Hold on a minute! Wouldn't these be the same 16 agencies that all unanimously agreed that Russia, at the behest of President Vladimir Putin, interfered in our 2016 elections and continue to do so? Aren't these the same 16 that were universally scorned by Trump, who said he had asked Putin about it and believed what he was told, that his own agencies were all wrong?

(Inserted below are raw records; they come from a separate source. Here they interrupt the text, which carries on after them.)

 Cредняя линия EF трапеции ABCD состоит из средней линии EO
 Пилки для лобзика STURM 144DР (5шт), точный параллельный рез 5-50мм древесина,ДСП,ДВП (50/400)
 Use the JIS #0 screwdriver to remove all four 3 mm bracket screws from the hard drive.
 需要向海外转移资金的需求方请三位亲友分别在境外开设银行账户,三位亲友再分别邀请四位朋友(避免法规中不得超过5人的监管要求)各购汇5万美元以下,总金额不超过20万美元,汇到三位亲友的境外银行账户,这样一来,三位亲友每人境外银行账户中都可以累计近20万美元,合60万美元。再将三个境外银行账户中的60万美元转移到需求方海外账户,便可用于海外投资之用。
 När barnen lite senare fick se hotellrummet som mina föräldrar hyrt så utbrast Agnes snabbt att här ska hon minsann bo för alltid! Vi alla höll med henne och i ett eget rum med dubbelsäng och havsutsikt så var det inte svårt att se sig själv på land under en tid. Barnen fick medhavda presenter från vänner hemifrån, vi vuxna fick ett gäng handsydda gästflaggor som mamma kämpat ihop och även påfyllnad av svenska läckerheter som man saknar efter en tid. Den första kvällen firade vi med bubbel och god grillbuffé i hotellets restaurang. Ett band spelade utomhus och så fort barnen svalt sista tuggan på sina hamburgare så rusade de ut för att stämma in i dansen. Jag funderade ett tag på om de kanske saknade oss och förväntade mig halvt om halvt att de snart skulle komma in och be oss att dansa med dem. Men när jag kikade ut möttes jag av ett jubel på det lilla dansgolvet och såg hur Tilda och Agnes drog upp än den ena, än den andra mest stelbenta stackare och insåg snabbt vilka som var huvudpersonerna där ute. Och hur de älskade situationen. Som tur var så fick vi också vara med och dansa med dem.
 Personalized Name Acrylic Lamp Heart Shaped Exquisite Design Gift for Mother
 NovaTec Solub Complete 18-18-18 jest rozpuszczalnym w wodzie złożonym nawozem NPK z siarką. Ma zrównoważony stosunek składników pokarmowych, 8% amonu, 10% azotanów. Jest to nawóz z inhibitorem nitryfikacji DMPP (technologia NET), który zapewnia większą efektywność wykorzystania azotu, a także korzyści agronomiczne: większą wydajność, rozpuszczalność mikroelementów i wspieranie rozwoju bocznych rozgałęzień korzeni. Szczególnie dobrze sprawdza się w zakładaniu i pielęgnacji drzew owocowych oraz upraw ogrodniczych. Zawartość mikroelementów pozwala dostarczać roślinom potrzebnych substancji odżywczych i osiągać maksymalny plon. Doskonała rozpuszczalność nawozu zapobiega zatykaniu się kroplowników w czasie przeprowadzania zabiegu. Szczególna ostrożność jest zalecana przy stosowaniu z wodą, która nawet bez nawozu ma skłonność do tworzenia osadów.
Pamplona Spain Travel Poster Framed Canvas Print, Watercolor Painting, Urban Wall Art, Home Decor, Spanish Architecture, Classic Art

Perhaps Trump is going on his gut feeling that Iran is being bad, the same gut that told him North Korea's Kim Jung Un was a nice guy and that Putin was being honest. If that's the case, I hope there is plenty of Pepto-Bismol in the White House, as it is obvious Trump's gut feelings are mere indigestion.

Bob Brereton, St. Paul
ENVIRONMENT

Bravo to saving Alaska's wilderness

Last week, the U.S. Congress marked up an appropriations bill to fund the Interior Department authored by our very own Democratic Rep. Betty McCollum. The bill contains a provision that would require Interior to set the minimum amount that companies must pay to lease a piece of the fragile coastal plain of the Arctic National Wildlife Refuge. The language simply requires Interior to generate the revenues promised by congressional Republicans when the Arctic Refuge development program was jammed into their 2017 tax bill. They told us Arctic Refuge oil drilling would bring in billions in leasing revenue but we now know that was a lie. This provision holds the Trump administration and those in Congress who voted for the tax bill accountable for that lie, and likely nips an untenable leasing program for our nation's largest and wildest refuge in the bud.

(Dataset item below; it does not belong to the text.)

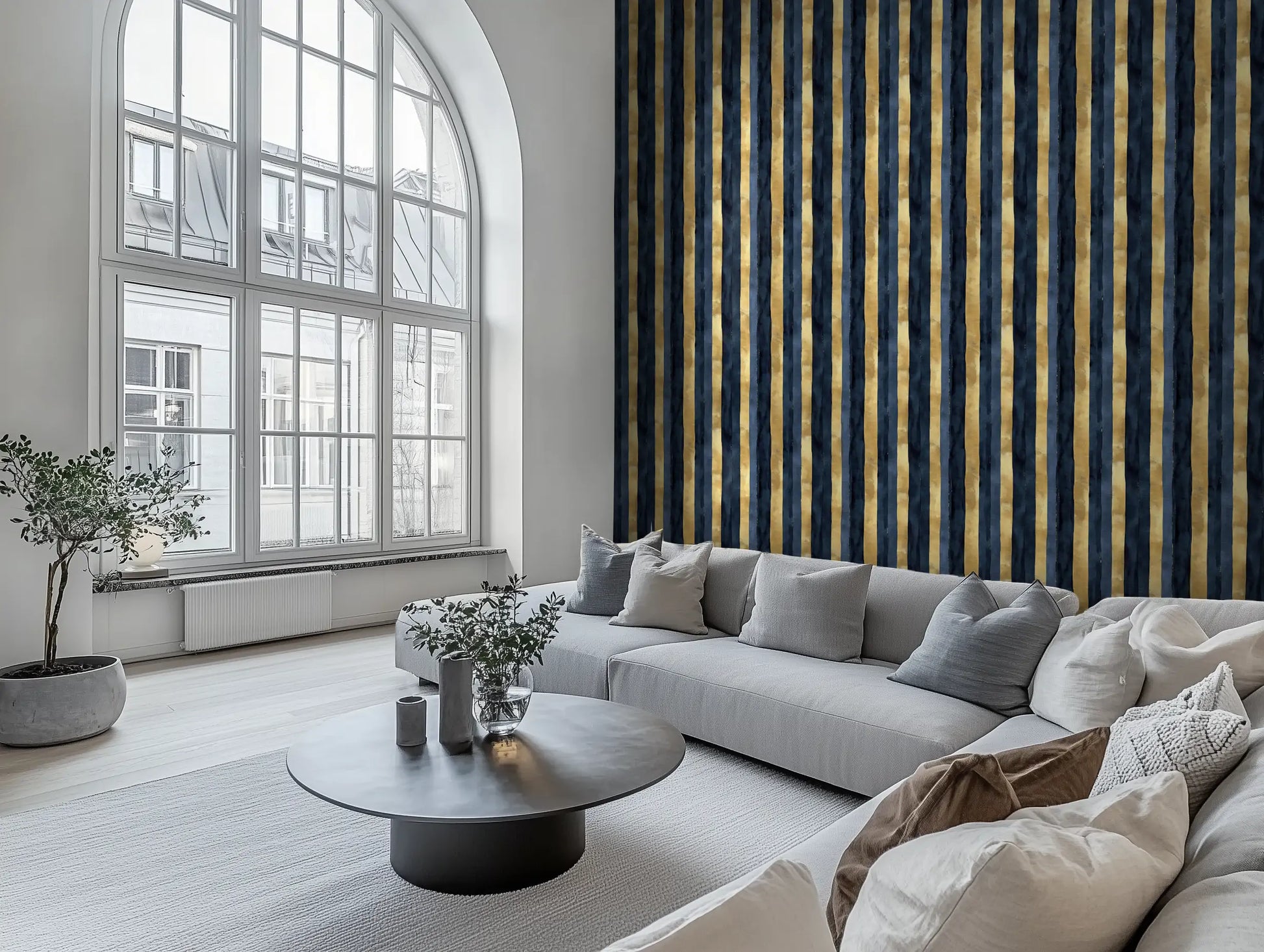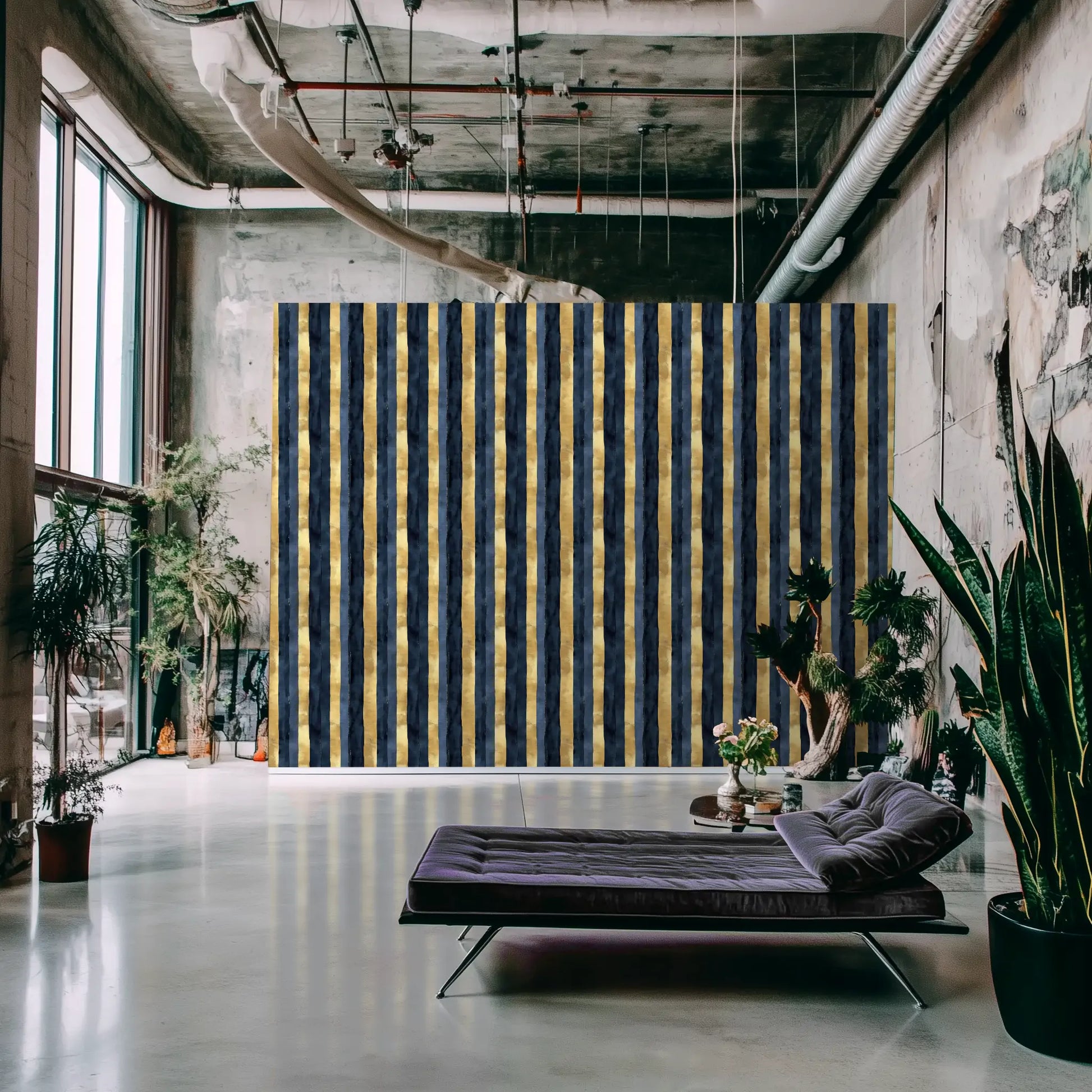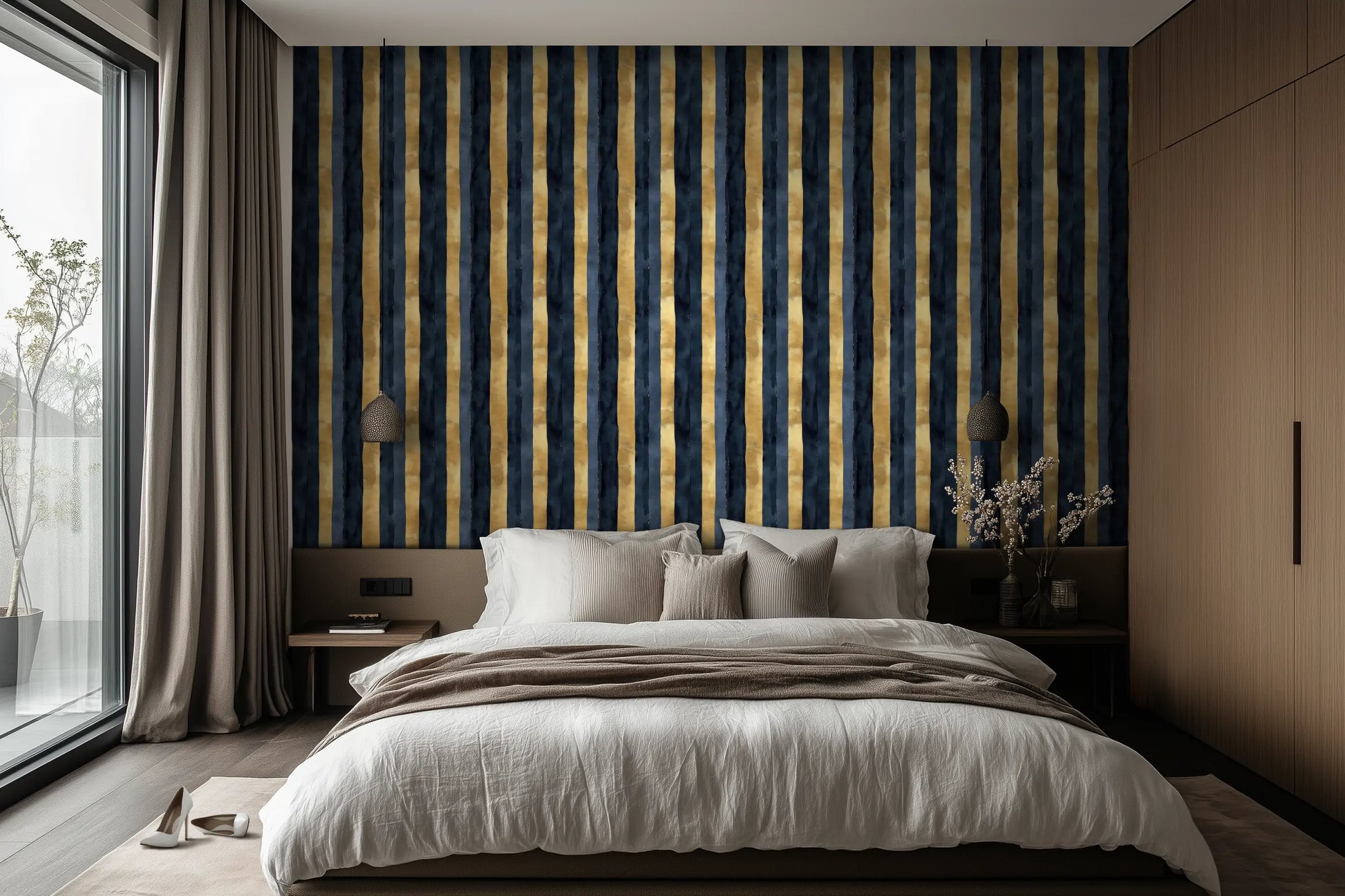 The golden light of a setting sun over the Aegean, the deep navy of ancient Greek tapestries, the mystique of legends carved in stone—Mythos channels the rich history and opulence of Greek mythology, blending midnight blue, aged gold, and soft parchment hues into regal vertical stripes.

The Arctic Refuge is one of the last true wild places in North America, home to caribou, threatened polar bears and more. The reality is that leasing should never take place on its coastal plain regardless of how much revenue is promised — no amount of money can replace this unparalleled public land. It was a treat to see David Thoreson's beautiful piece several weeks ago on the Arctic Refuge ("Witnessing one of the planet's great migrations in the Arctic National Wildlife Refuge," May 12) and the epic land migration of the porcupine caribou — the longest land migration of any mammal on earth.

Thank you, Rep. McCollum, for standing up to keep this amazing place wild.

Lois Norrgard, Bloomington

The writer is the national field organizer for the Alaska Wilderness League.

NAMING RIGHTS

After all this, 'Lake Target' and 'Summit Beer Beach' aren't so bad

I read the letters to the editor to stir my righteous indignation, solidify my long-held beliefs or to illuminate a viewpoint on an issue that I can't figure out on my own. Rarely do I get a laugh. But a recent missive about a decent solution to the Lake Calhoun/Bde Maka Ska kerfuffle — selling the naming rights — gave me a chuckle ("Contrition feels good, helps no one," May 24). Then came the realization, "Hey! Wait a minute. That's a good idea!"

The naming rights to places around the Twin Cities could solve the homeless situation and opioid addiction, with money left over to train cops not to shoot at everything that makes them nervous.

We'd just need to get used to corporate sponsors buying naming rights to this and that. Lake Target? It's got a nice ring to it. How about Summit Beer Beach? What the heck, several already are. Nicollet Mall becomes Bachmann Mall. Maybe they could plant trees that would last longer than a year.

This looks like a win-win situation.